§ **Assignment**:
When copying the data below, keep only the lines from the one with "牛仔加棉派克服女2021新款仿狐狸毛皮外套年轻短款..." through the one with "Один из самых", word for word, and skip the pictures.

§ **Exercise material**:
===

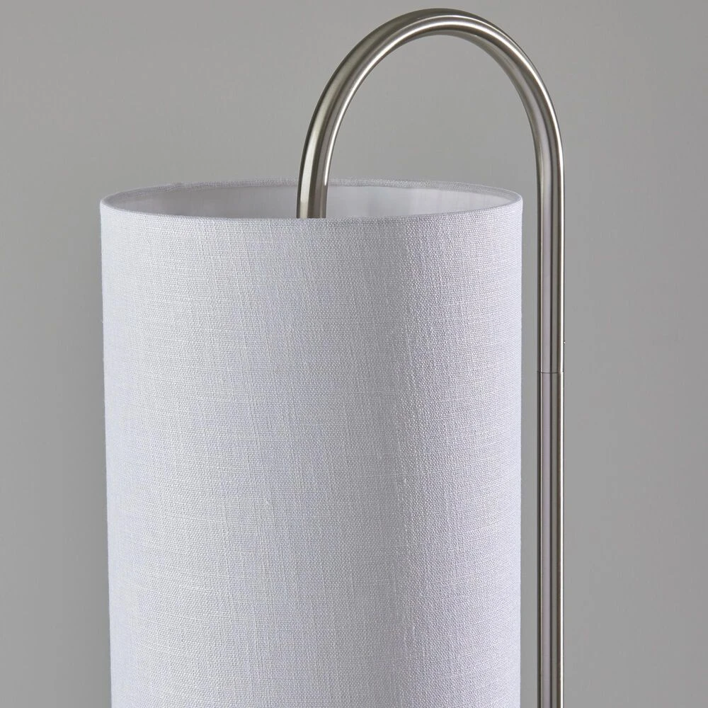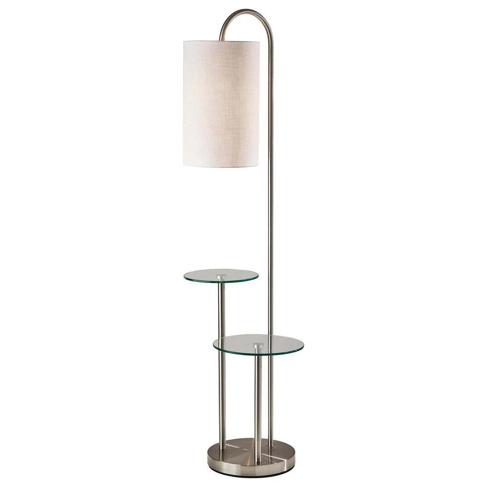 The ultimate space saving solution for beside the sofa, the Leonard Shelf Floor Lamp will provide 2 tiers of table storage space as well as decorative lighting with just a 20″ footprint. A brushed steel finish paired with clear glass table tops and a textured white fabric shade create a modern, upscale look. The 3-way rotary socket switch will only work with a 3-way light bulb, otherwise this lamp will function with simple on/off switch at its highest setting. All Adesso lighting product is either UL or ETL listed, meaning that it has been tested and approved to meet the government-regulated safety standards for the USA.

===

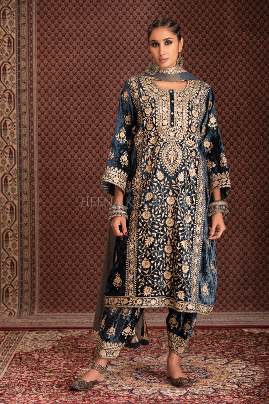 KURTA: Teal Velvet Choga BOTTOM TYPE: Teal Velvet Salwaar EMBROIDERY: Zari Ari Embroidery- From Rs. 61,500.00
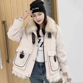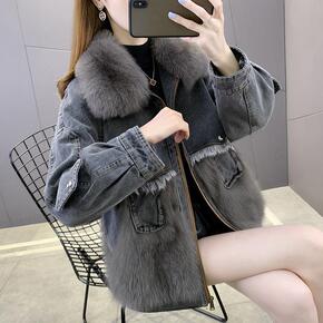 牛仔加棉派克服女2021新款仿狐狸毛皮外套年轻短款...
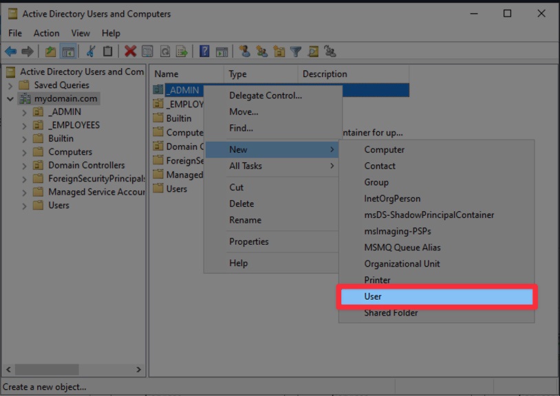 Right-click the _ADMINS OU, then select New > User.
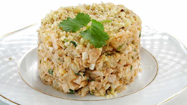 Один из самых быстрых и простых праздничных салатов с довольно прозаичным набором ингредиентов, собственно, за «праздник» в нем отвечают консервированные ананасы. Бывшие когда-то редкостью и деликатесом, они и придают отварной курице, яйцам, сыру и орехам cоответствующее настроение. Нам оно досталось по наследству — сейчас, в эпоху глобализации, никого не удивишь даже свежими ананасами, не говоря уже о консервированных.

===

§ **Solution for this exercise**:
 牛仔加棉派克服女2021新款仿狐狸毛皮外套年轻短款...
 Right-click the _ADMINS OU, then select New > User.
 Один из самых быстрых и простых праздничных салатов с довольно прозаичным набором ингредиентов, собственно, за «праздник» в нем отвечают консервированные ананасы. Бывшие когда-то редкостью и деликатесом, они и придают отварной курице, яйцам, сыру и орехам cоответствующее настроение. Нам оно досталось по наследству — сейчас, в эпоху глобализации, никого не удивишь даже свежими ананасами, не говоря уже о консервированных.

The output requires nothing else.